Books about Early 20th Century Paris

A Moveable Feast by Ernest Hemingway

Hemingway's memoirs from the time he spent living in Paris in the 1920s. Mostly focuses on struggles with money, and meeting the right people to help his burgeoning career as a novelist. Juicy bits about other Lost Generation writers like Stein and Fitzgerald.

Down and Out in Paris and London by George Orwell.

A book that is is more about the other side of the années folles in France: rather than Hemingway's bohemian lifestyle of, this is the perspective of a guy working in a kitchen.

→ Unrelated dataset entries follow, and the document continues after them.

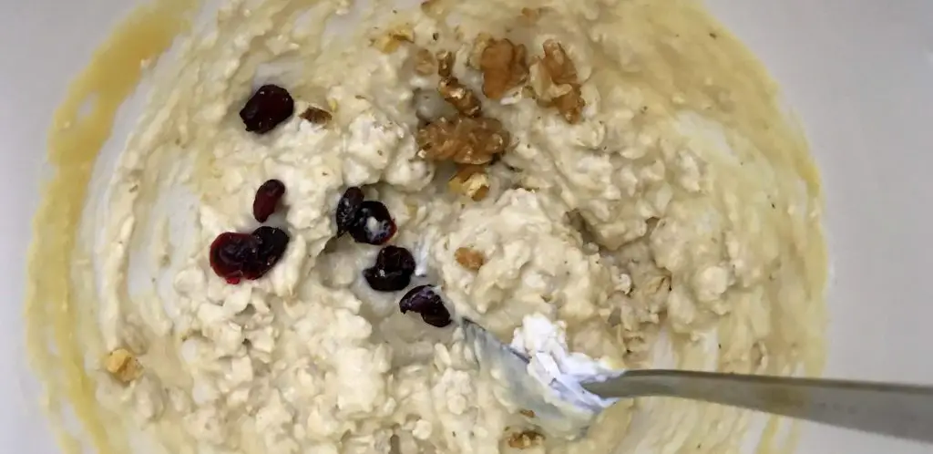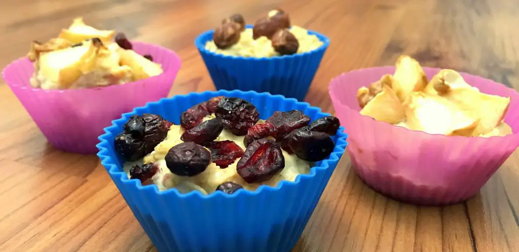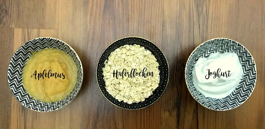 Gebt die Haferflocken, den Joghurt und Apfelmus in eine Schüssel und vermengt alles miteinander. Beliebig könnt ihr noch Früchte oder Nüsse hinzufügen. Ich habe außerdem noch eine Prise Zimt hinzugefügt. Ich liebe Zimt und packe das das ganze Jahr über fast überall ein bisschen rein!
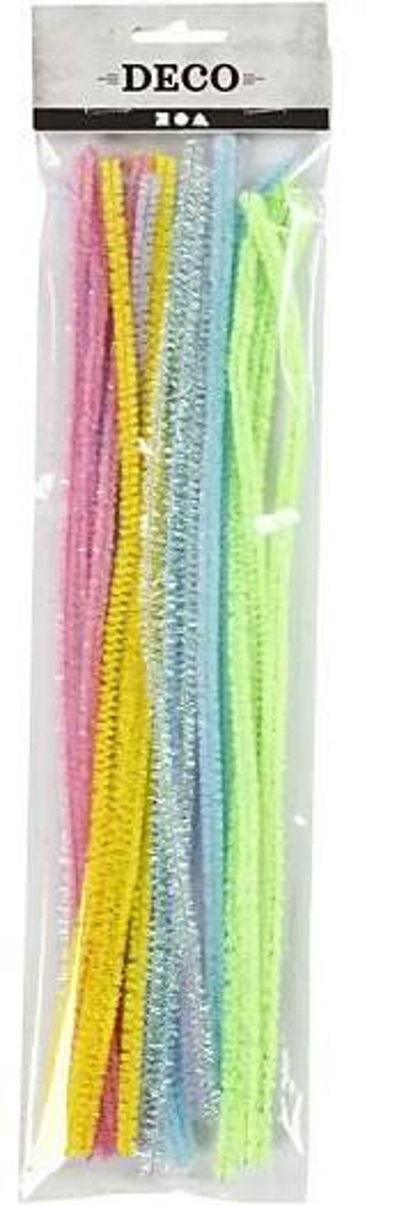 Deco chenille glitterdraad pastelkleuren 24st. d.6 mm l.30cm
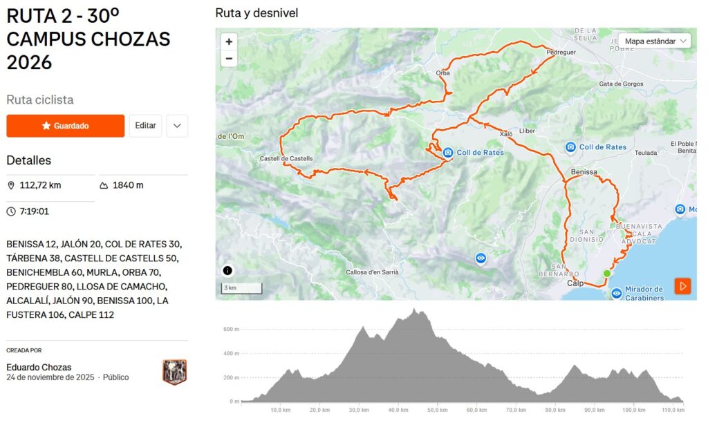 RUTA 2 – RUTA 2 – 30º CAMPUS CHOZAS 2026 | Ruta ciclista de 112,7 km en Strava

Describes the hot and frantic life as a lowly employee in the bowels of the grand hotels.

Tropic of Cancer by Henry Miller

A contender for most definitive Lost Generation novels set in Paris. It's another one about being an American living in Paris in the 20's, and it's essentially a memoir thinly disguised as a novel. Compared to the straightforward memoirs above, it's more about sex than money.

See for comparison The Sun Also Rises, which isn't on this list because it's not about Paris, but shares the qualities of being a roman à clef that's concerned with sex. Maybe it's okay to make memoirs about money, but sexual matters must be attended to with at least a little obfuscation?

The Crimes of Paris by Dorothy Hoobler

It opens with the most wistful and romantic depiction of the world of belle époque Paris that I've read. It's about art theft, specifically the theft of the Mona Lisa from the Louvre in 1911.

In Search of Lost Time by Marcel Proust (haven't finished)

Not strictly about Paris, and taking place mostly before the turn of the century. Still, it's a good'un.

Exile's Return by Malcolm Cowley (haven't read)

To me, Cowley is a lost Lost Generation memoirist. All I know is that this book is highly regarded as a memoir of the American expat scene in the 1920s, and that Cowley was disliked by many of his peers, though in secret, because of his position in the literary world.